Everyone loves to win!  Whether it’s your favorite sports team, your business, your family, your church, or any other part of life, everyone wants to experience that feeling of success.  There’s no question about it, winning is fun, and it makes you feel good, but there are times when losing can actually do you greater good in the long run than a win can.  “How’s that?,”…keep reading…

We all have times when we fail, so it’s important you look at it with the correct perspective.  Losing has a way of getting your attention, and if you choose you can turn every loss into a learning experience that will bring about greater success in the long run.  Instead of feeling sorry for yourself, making excuses and blaming other people, choose to make your failures a learning experience.  Remember, there’s winning, and then there’s learning.

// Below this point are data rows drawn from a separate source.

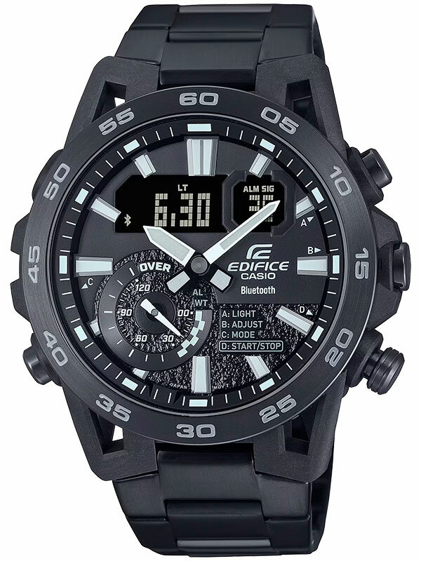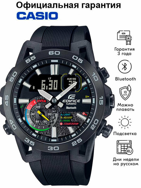 Кварцевые мужские наручные часы Casio ECB-40MP-1A коллекции Edifice с технологией Bluetooth® Smart. Двойная (цифровая+аналоговая) индикация времени. Модельный ряд Sospensione, вдохновленный подвеской Formula Car. Калибр механизма — 5708. С помощью Bluetooth® вы можете подключить часы к смартфону и получить доступ к полезным функциям. Часы автоматически связываются с телефоном через Bluetooth® и проверяют точность времени 4 раза в сутки. Возможности Bluetooth в данной модели: С помощью специального приложения CASIO WATCHES возможно установить время в конкретном городе (300 городов), установить точное текущее время, установить будильник, просмотреть показания секундомера, подстроить положение стрелок, записать данные о времени и местоположении (TIME and PLACE). Функция поиска телефона - можно включить тоновый сигнал на телефоне, что позволит быстро найти телефон. Функциональность данной модели: формат времени 12/24; индикация даты и дня недели (в том числе на Русском языке); мировое время в 38 городах (в 38 часовых поясах); двойное время; автоматический календарь до 2099 года; 5 ежедневных будильников; сигнал начала часа; секундомер с измерением до 23 часов 59 минут 59 cек; таймер обратного отсчета (диапазон времени 24 часа), Двойная диодная подсветка циферблата с функцией авто (включается при наклоне часов на 40°) и возможностью выбора времени свечения (1.5 или 3 секунды); функция выключения звука нажатия кнопок (Mute). Функция ручного перемещения стрелок (стрелки перемещаются в сторону, чтобы обеспечить беспрепятственный просмотр содержимого цифрового дисплея). Стрелки и метки покрыты необритовым (Neobrite) люминесцентным напылением (светятся в темноте). Стальной корпус усиленный карбоном. Полимерный ремешок. На стальную часть корпуса нанесено стойкое PVD покрытие. Водонепроницаемость WR100 (10 атм). Размеры корпуса: (ШхВхТ) 48x52.4x12.7 мм Гарантийный срок — 3 года (1 год от производителя + 2 года от магазина).
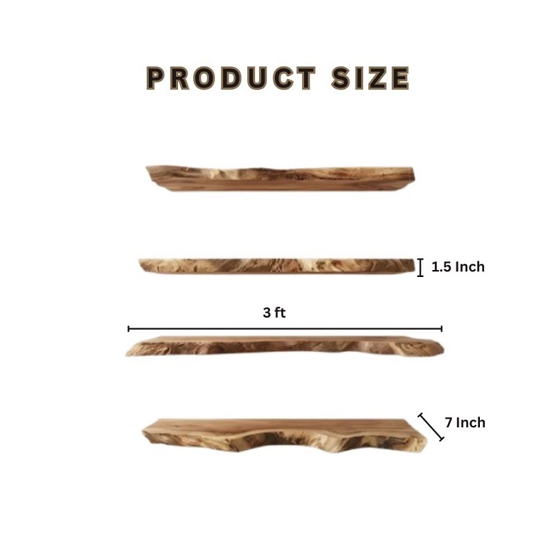 Each shelf measures 36 inches (3 ft) in length, 7 inches in depth, and 1.5 inches in thickness.
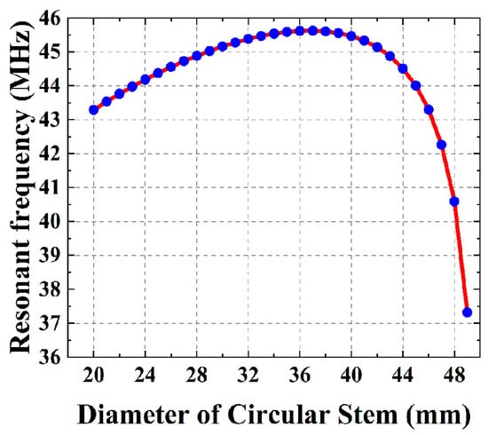As shown in Figure 3, the radius of the conductor inside the cylindrical Stem should not be too large in order to prevent the connection between the Dee and the Stem from creating additional impedance discontinuities. The calculation ensures that the length of the Stem’s inner conductor remains constant while only the diameter changes. From Figure 4, the maximum resonant frequency of the RF cavity with the circular Stem structure does not exceed 46 MHz, while the resonant frequency of the RF cavity with the rectangular Stem structure can easily reach 46 MHz for the same length. In addition, when the resonant frequency of the RF cavity with the rectangular Stem structure is 45.321 MHz, the resonant frequency of the RF cavity with the circular Stem structure under the equivalent radius is 44.952 MHz. Because the characteristic impedance of a circular Stem is greater than that of a rectangular Stem, the resonance frequency of the cavity is reduced while the length remains constant. According to the calculation formula for the characteristic impedance of the circular coaxial transmission line whose filling medium is air, Zc = 138 lg(D/d) Ω, where d is the diameter of the inner conductor and D is the diameter of the outer conductor. When the diameter of the circular Stem increases, the radius ratio of the circular coaxial line decreases, the characteristic impedance becomes smaller, and the resonant frequency of the cavity increases. Therefore, the designed target resonant frequency value can be achieved when the diameter of the circular Stem inner conductor is adequate. However, increasing the diameter leads to an increase in the impedance discontinuity at the connection between the Dee and the Stem inner conductor, resulting in an increase in the step capacitance, which leads to a decrease in the resonant frequency of the RF cavity. It is calculated that the RF cavity resonant frequency decreases from 45.224 MHz to 42.001 MHz when the step capacitance is increased from 1 pF to 10 pF. However, when the step capacitance is increased from 10 pF to 100 pF, the RF cavity resonant frequency decreases rapidly to 26.145 MHz. In addition, the increase in the diameter of the conductor inside the circular Stem increases the step junction surface loss and the RF cavity surface loss. After comprehensive consideration, a rectangular Stem is used to connect to the Dee, making the step capacitance at the contact surface as small as possible.
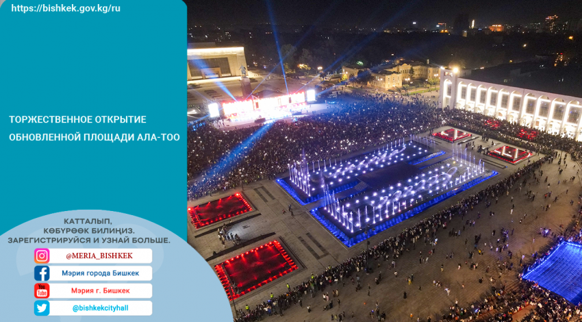 Отметим, площадь Ала-Тоо построена в 1984 году в честь 60-летия образования Кыргызской ССР. Символично, что спустя 40 лет реконструкция площади была приурочена к 100-летию образования Кара-Кыргызской автономной области.
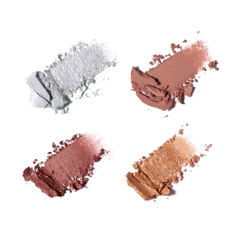モダンな陰影を演出するベージュ×キャメルに、クリアにきらめくローズニュアンスのブラウンと、大粒のピンクがきらめくスパークルカラーを合わせて。知性の奥にまろやかな高揚感が目覚めるパレット。
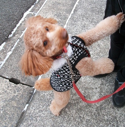 まりも君 今朝も寄ってくれましてた 今朝も寒かったです この冬一番とか まりも君 昨日 美容院に行ってきたそうです きれいになりました 写真でも分かります 今朝のおやつは リンゴ でした 私から2切れ 飼い主さんから1切れもらいました きれいになった まりも君をなで なでしてやりました 今朝も公園を通って帰っていきました 今日 午後 歯科医院に定期健診で行ってきました 気になるところもみてもらいました 歯を掃除したら 気持ちいいです よかったです 小女帰る 犬の散歩で行方不明になった小女 見つかったとの 朝のニュスを聞いて 涙が止まりませんでした 良かったです 今日は 日中 いくらか気温上がりました 今日は 歯科医院にいったら 一日 終わった感じです
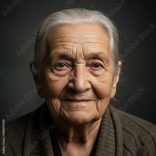 elderly, woman, portrait, smiling, warm, realistic, detailed, aged, wrinkle, skin, texture, authentic, senior, wise, happy, joyful, natural, closeup, human, soft light, detail
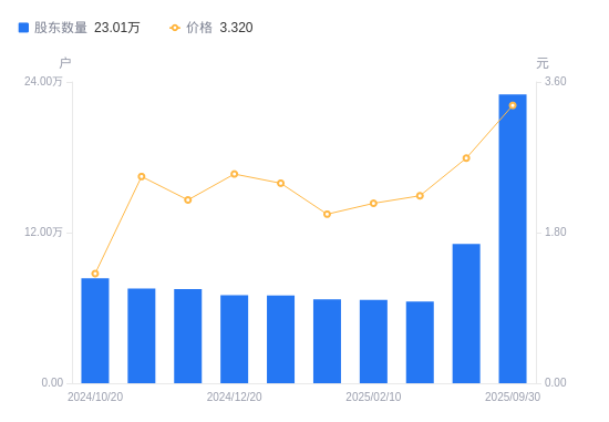 近一年(2024年9月30日至2025年9月30日),合力泰A股股东户数从8.94万户,增加至23.01万户,增幅157.50%,区间股价上涨149.62%。
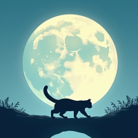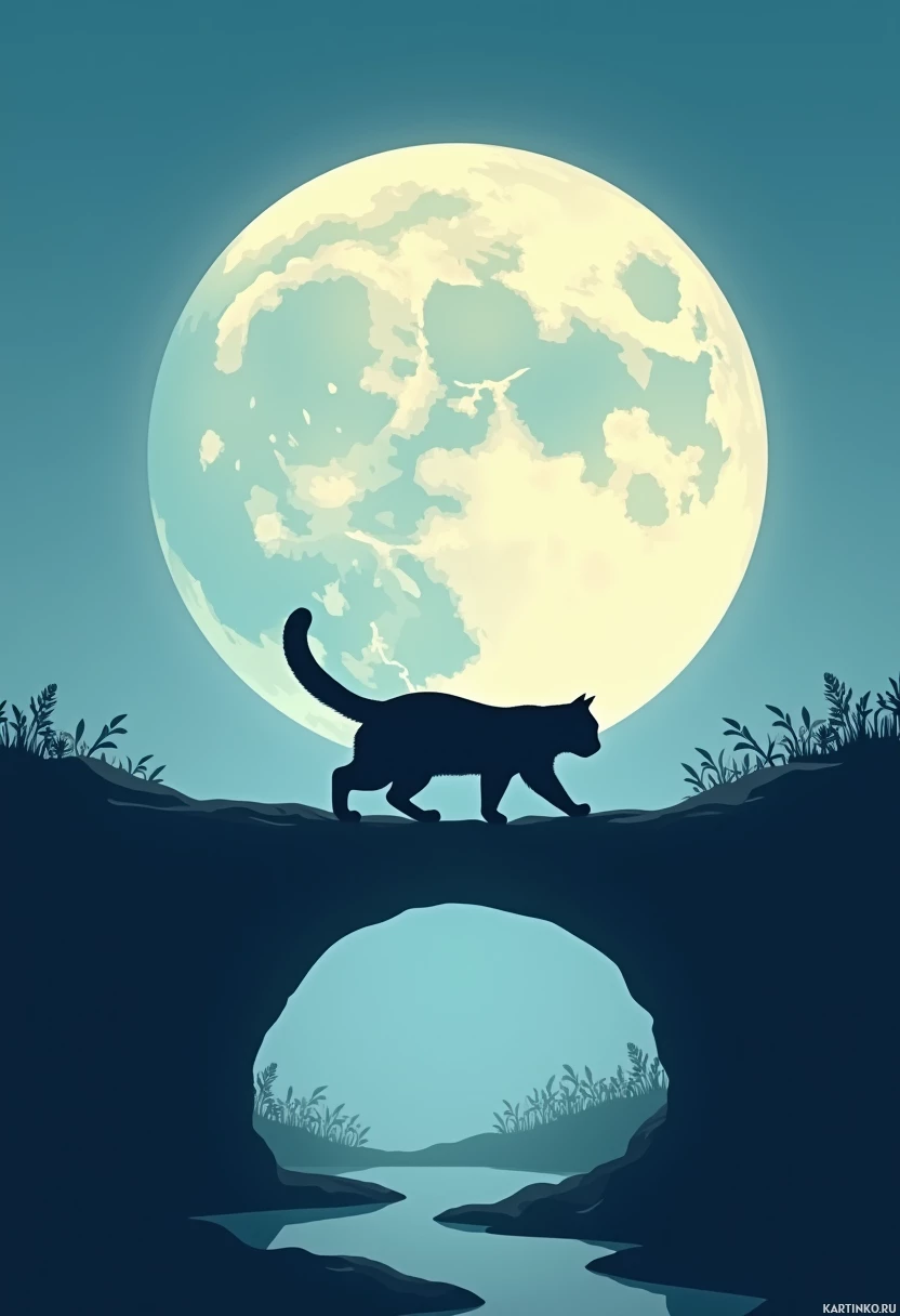ambiance of the scene. The image evokes a sense of tranquility and solitude, as the cat seems to be alone in this picturesque landscape under the moonlit sky.

Here are three things a loss can teach you:

  1. Pay attention to details.  It’s always the little things that lead to big results.  If you have experienced a lot of wins it’s easy to get caught up in the winning and forget that it’s the attention to details that got you there.   A loss has a way of making you aware of the lack of focus on details.   Make a check list of all the “little things” that are essential to your success, and communicate to everyone on your team the importance of paying attention to every detail.
  2. Don’t take things for granted.   A win streak can cause you to take things for granted.  Effort and execution are not automatic.  It takes a conscious decision to give maximum effort, and an intense focus to execute the game plan.  Thinking you can give less effort, or get away with slightly less than your best focus on executing the game plan will eventually catch up to you. 
  3. Focus on what you can control.  When things aren’t going well, it’s easy to get focused on the wrong things.  In every walk of life there are things you can control, and there are things you can’t control.  After experiencing a loss, you often see how your focus had shifted to the wrong things.  Never allow your energy or resources to be spent on things you have no control over.  When circumstances are difficult, when things aren’t going well, that’s when you need to give extra attention to the things you have power to change.

The next time you experience some sort of defeat, don’t waste anytime feeling sorry for yourself, but rather pick yourself up, dust yourself off, and spend some time learning from the failure.

John Maxwell says, “Learn to fail forward”.   This is possible when you decide to do so.

Keep up the good fight, and know that I believe in you!  You’ve got what it takes.